• What you will do
Leave the pictures in the listing below aside and reproduce exactly the lines starting with the one with "Soporte de bambú" and going on through the one with "Пластырь медицинский бактерицидный, р-р", both ends included.

• Recorded information
■ ■ ■ ■
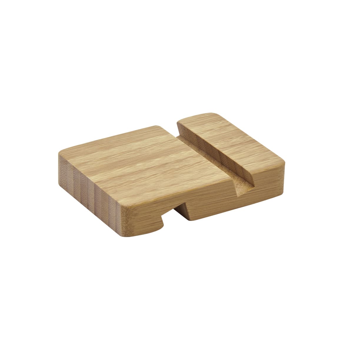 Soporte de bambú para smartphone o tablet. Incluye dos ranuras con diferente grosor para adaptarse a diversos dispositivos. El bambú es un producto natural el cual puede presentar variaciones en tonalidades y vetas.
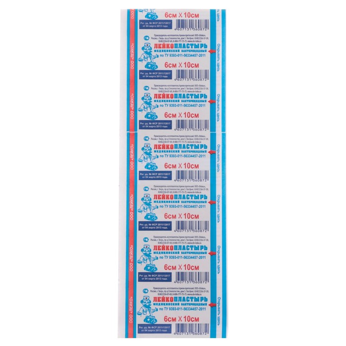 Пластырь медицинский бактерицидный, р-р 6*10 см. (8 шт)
■ ■ ■ ■
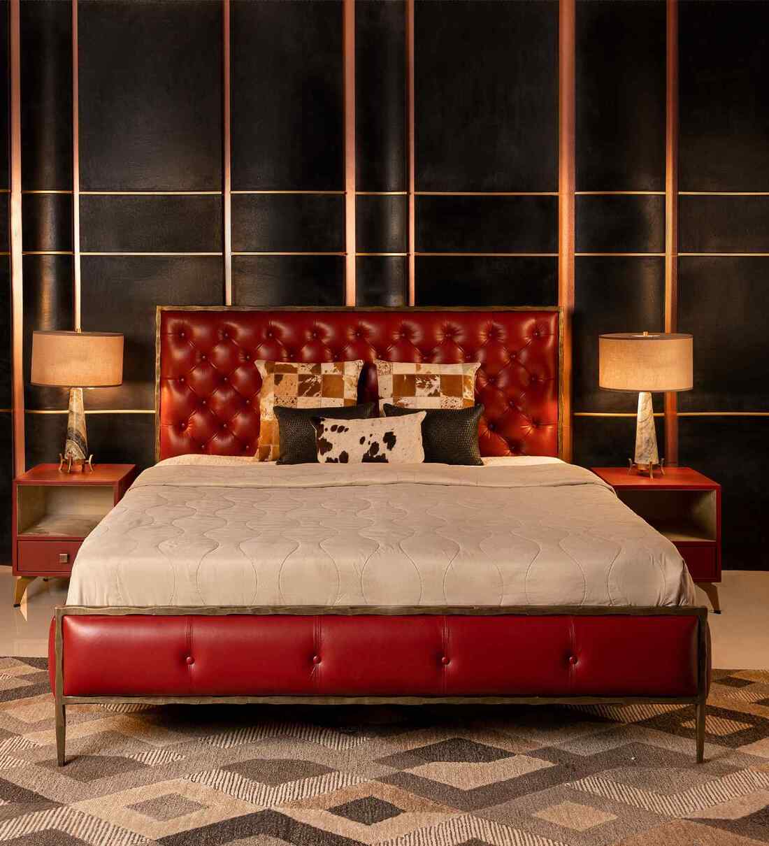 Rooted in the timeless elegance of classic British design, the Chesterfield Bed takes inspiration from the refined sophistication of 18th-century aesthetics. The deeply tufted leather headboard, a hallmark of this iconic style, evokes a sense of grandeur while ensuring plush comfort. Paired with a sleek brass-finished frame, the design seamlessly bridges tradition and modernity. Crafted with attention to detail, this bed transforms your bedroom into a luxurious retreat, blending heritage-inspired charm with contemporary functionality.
■ ■ ■ ■
• Response area
 Soporte de bambú para smartphone o tablet. Incluye dos ranuras con diferente grosor para adaptarse a diversos dispositivos. El bambú es un producto natural el cual puede presentar variaciones en tonalidades y vetas.
 Пластырь медицинский бактерицидный, р-р 6*10 см. (8 шт)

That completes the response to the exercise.